De resultaten van dit onderdeel zijn nog niet volledig afgerond, maar uit de eerste resultaten blijkt dat er zowel sprake is van over- als onderrapportage van het werkelijke gebruik. Voor cannabis is er vooral sprake van een overrapportering, wat vermoedelijk te maken heeft met de gevoeligheid van de detectiemethode. Voor amfetamines en cocaïne werd door sommige deelnemers overgerapporteerd en door andere ondergerapporteerd.

Daarnaast zijn er grote verschillen in gebruik tussen Zweden en België. In Zweden gaf 4% aan drugs gebruikt te hebben tijdens de afgelopen 48 uur. In België gaf 54% van de festivalgangers gebruik toe. In beide landen zijn alcohol, cannabis, ecstasy en cocaïne de meest gebruikte partydrugs. Het gebruik van illegale drugs lijkt vele malen hoger te liggen in België dan in Zweden. Voor alcohol zagen we het omgekeerde. In Zweden lag het gemiddelde alcoholgehalte in het bloed op0.76 promille. In België was het minder dan de helft met een gemiddelde van 0.33 promille.

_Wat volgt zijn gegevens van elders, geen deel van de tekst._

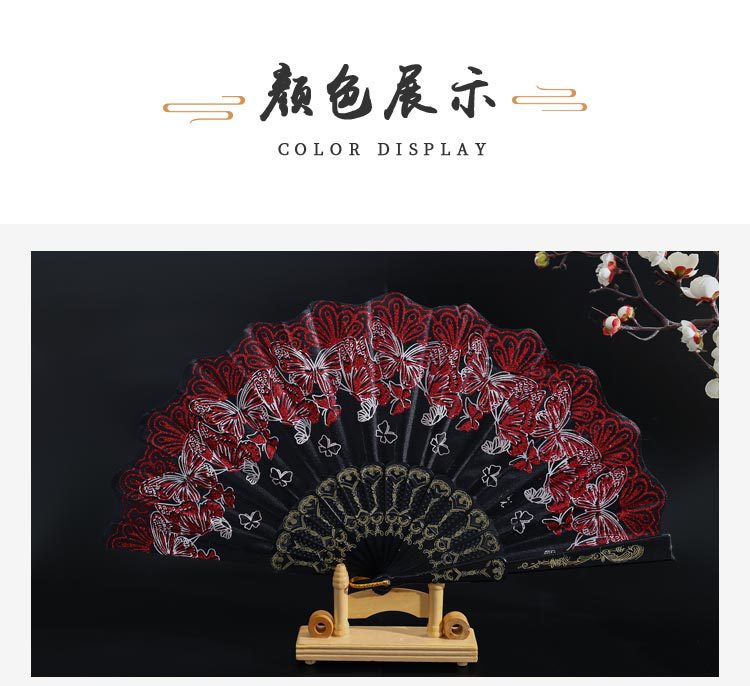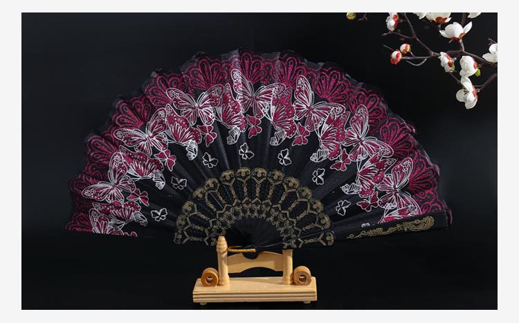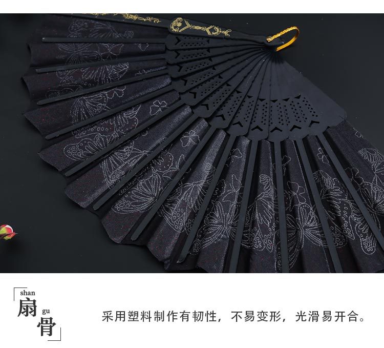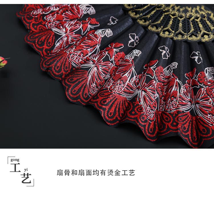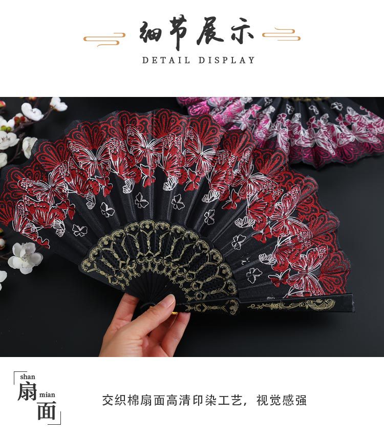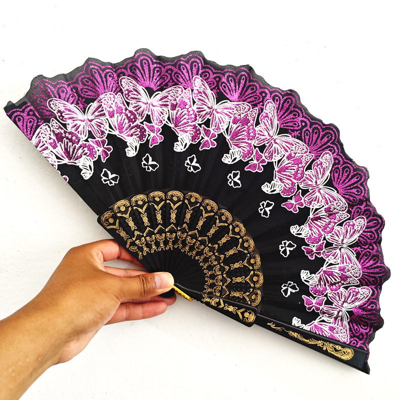 现货蝴蝶花折扇6色旗袍舞蹈扇洛塔丽网红塑料折叠扇跨境爆款扇子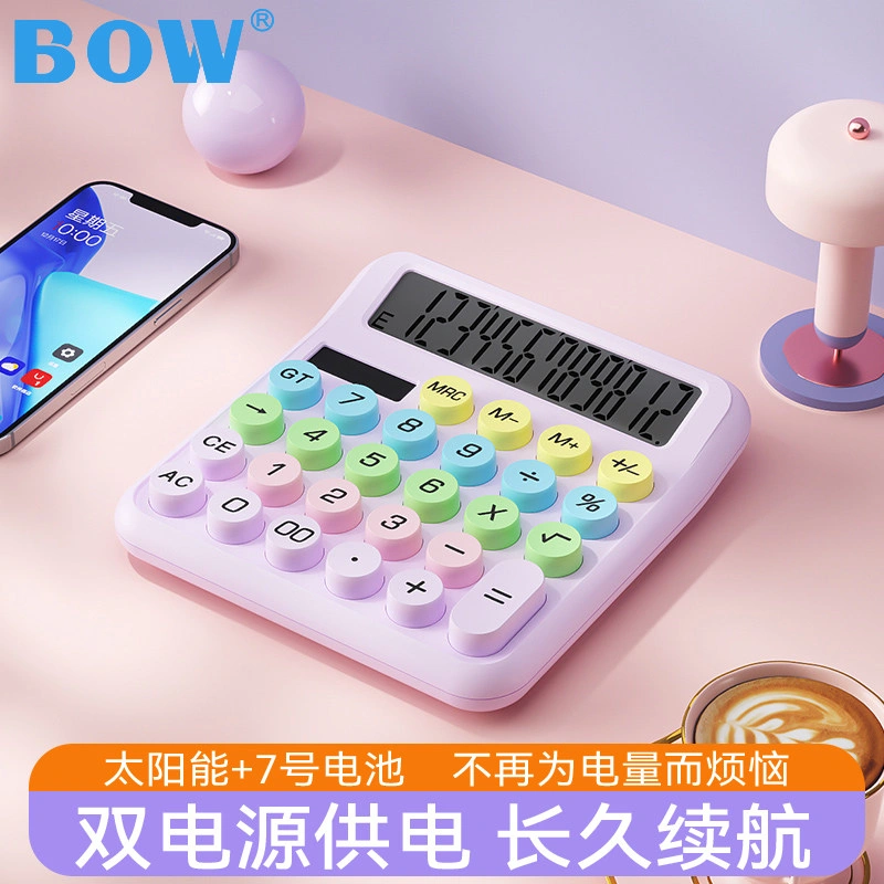 Bow Dopamine Color-Block Calculator Solar-Powered Office Financial Accounting Civil Servant Special Office Supplies Cute Student-Specific Student Supplies Computer Keyboard Portable Calculator for Home Use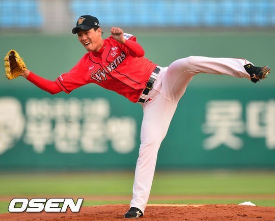 김광현은 2회와 3회 6명의 타자를 연속범타 처리하며 안정적인 모습을 보여줬다. 그러나 4회 선두타자 전준우에게 볼넷을 내준 뒤 1사 후 강민호에게 던진 145km 직구가 높게 몰려 투런포를 허용하고 말았다. 4-3까지 쫓기게 된 김광현이다.

De grote verschillen tussen beide landen wijzen enerzijds op culturele verschillen in middelengebruik. Anderzijds hebben ze waarschijnlijk ook te maken met de verschillende vormen van drugbeleid. Zweden heeft een zeer strikt drugbeleid waardoor festivalgangers die drugs gebruiken vermoedelijk niet durven of willen toegeven dat ze drugs gebruikt hebben. Tenslotte kan de over- of onderrapportage te maken hebben met het feit dat drugs illegaal zijn en dus niet altijd de actieve stoffen bevatten die ze zouden moeten bevatten.

Conclusies

De in deze studie gevonden snelle veranderingen in patronen van drugs- en ander middelengebruik toont aan dat er heel wat evoluties zijn qua middelengebruik in deze populatie en dat er heel wat verschillen zijn qua gebruik per land. Het is dus belangrijk om de vinger aan de pols te houden en voldoende in te zetten op monitoring van gebruik. Sommige stoffen lijken land-specifiek te zijn, b.v. 4-FA werd voornamelijk gebruikt in Nederland en synthetische cannabinoïden komen meer voor in het VK. Het zou interessant zijn om meer inzicht te krijgen in de redenen die dergelijke variatie in gebruik kunnen verklaren.

Er zijn verschillende risicogroepen geïdentificeerd die mogelijk een specifieke aanpak vragen in preventieactiviteiten. Een relevante bevinding is het hoge aantal respondenten dat de intentie uitspreekt om het middelengebruik te verminderen. Interventies zouden kunnen worden ontwikkeld om deze gebruikers te motiveren hun doelen te bereiken en daarmee toekomstige gezondheidsschade te verminderen.